09/25/2022
      No Comments
      Cassandra Christensen

Pseudocode

I’m not going to write any actual code for IaC in this chapter (you can find that in the chapter dedicated to IaC), I’m just going to give a quick overview of the concept behind IaC using some pseudocode definitions. These will help you understand how singular IaC definitions work in securing resources.

An example pseudocode – to create a virtual machine – broken down into the simplest pieces would be something like the following:

  • Module Name (Usually descriptive of the service being deployed)
    • VM Name (say VM1)
    • Resources allocated (Specifications, or class of VM) (say 1 GB RAM)
    • Internal networking and IP addresses (in VPC1)
    • Tags (say “Department”: “Accounting”)

This example will create a VM named VM1, with 1 GB of RAM in a VPC or equivalent network named VPC1 with a tag of key Department with an Accounting value. Once launched, that is exactly what will happen. Oops, I needed 2 GB of RAM. What do I do now?

That’s easy, just change your code:

  • Module Name (Usually descriptive of the service being deployed)
    • VM Name (say VM1)
    • Resources allocated (Specifications, or class of VM) (now its 2GB RAM)
    • Internal networking and IP addresses (in VPC1)
    • Tags (say “Department”: “Accounting”)

And that’s how easy that is. You can see why it’s popular. It is stable enough to be reliable, but flexible enough to be reusable. Now, here are a couple of other pointers that will help you understand how most IaC templates work:

  • If you had renamed the VM, it would have been redeployed with the new name
  • If you had renamed the module, most templates would by default tear down and decommission the old VM in the old module and create a new one from scratch
  • Changing the network or VPC would logically move the VM to the other network whose network rules it would now follow
  • Most templates would allow you to loop or iterate over multiple VMs

IaC, man what a concept. It’s a very interesting – and very popular – solution to a common problem. It can solve a lot of DevOps headaches and should be in the arsenal of every DevOps engineer.

Summary

The concept of DevOps is exciting, vast, and has room to get creative. It is a discipline where the world is essentially at your command. Effective DevOps requires effective structure and adaptation of that structure to a challenge as we learned in our Exploring automation section.

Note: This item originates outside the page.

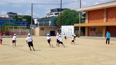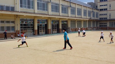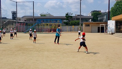 先生のトスするボールをよく見て,手で打ち返します。野球型のゲームは,ルールが難しく,プレーするときに戸惑ってしまがちですが,みんなで声をかけ合って楽しく学習を進めていました。
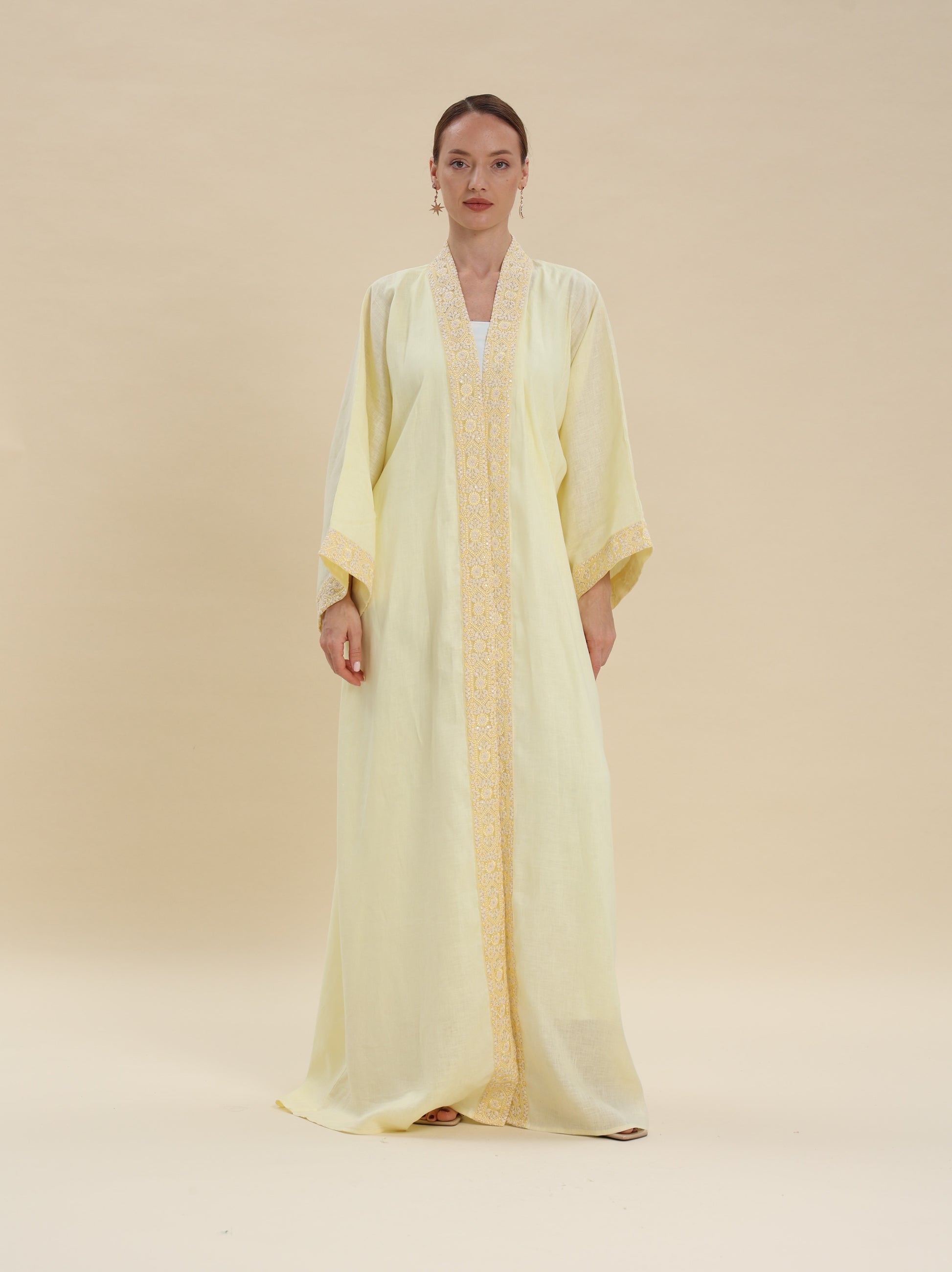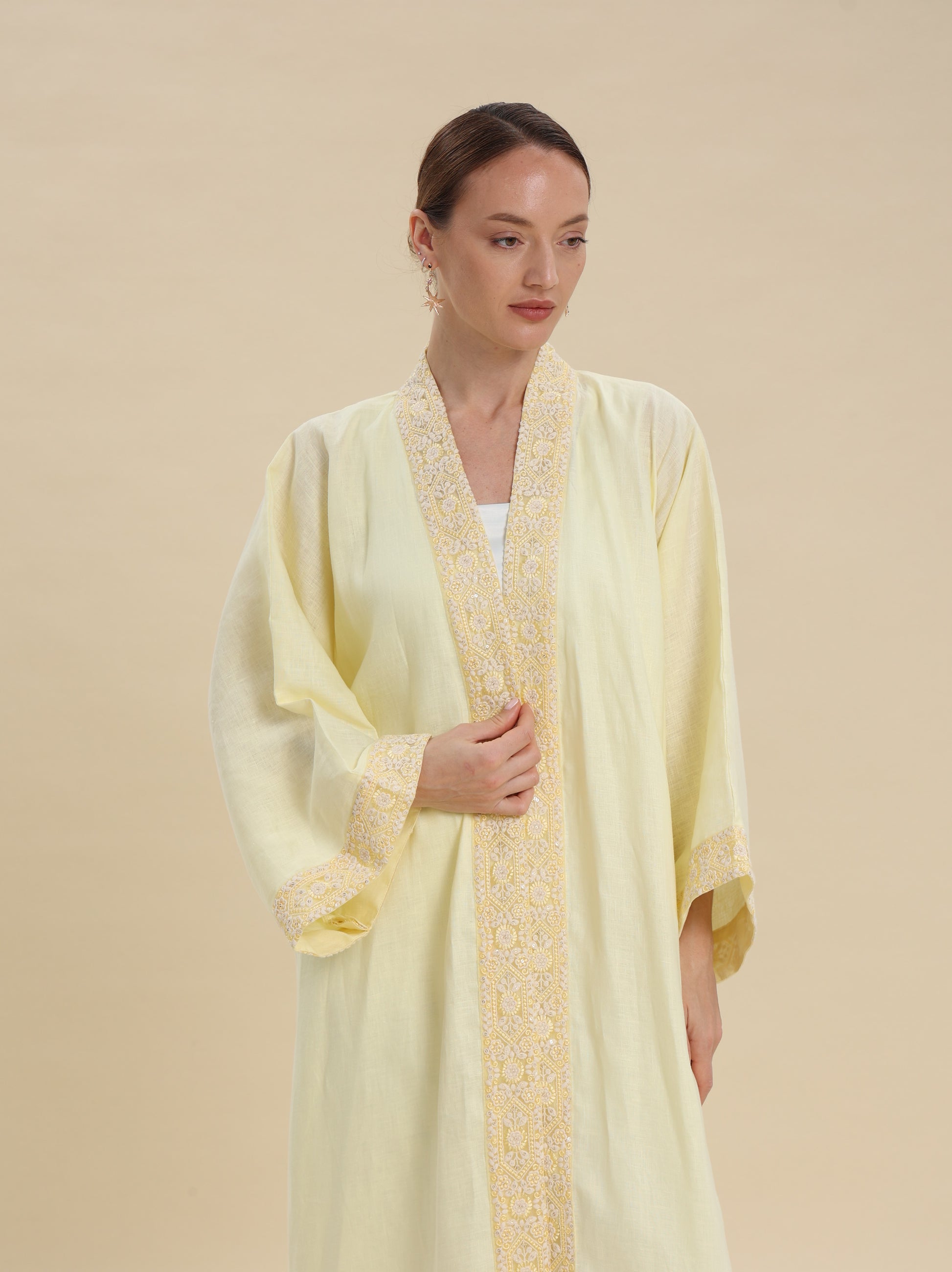 LINNEN YELLOW ABBAYA WITH LACE DETAILS

But remember, anything that can go wrong will go wrong, so plan for success but prepare for the fact that failure is a common occurrence. In such cases of failure – as we learned in the sections about monitoring and event response – the ability to recover is what matters, and the speed of that recovery also matters quite often. If an incident to be recovered from is new, it must be reported and understood so that such incidents can be mitigated in the future.

And lastly, as we covered in Delving into infrastructure as a code, code is your friend. Be nice to your friends and play with them. You’ll learn how to in this book.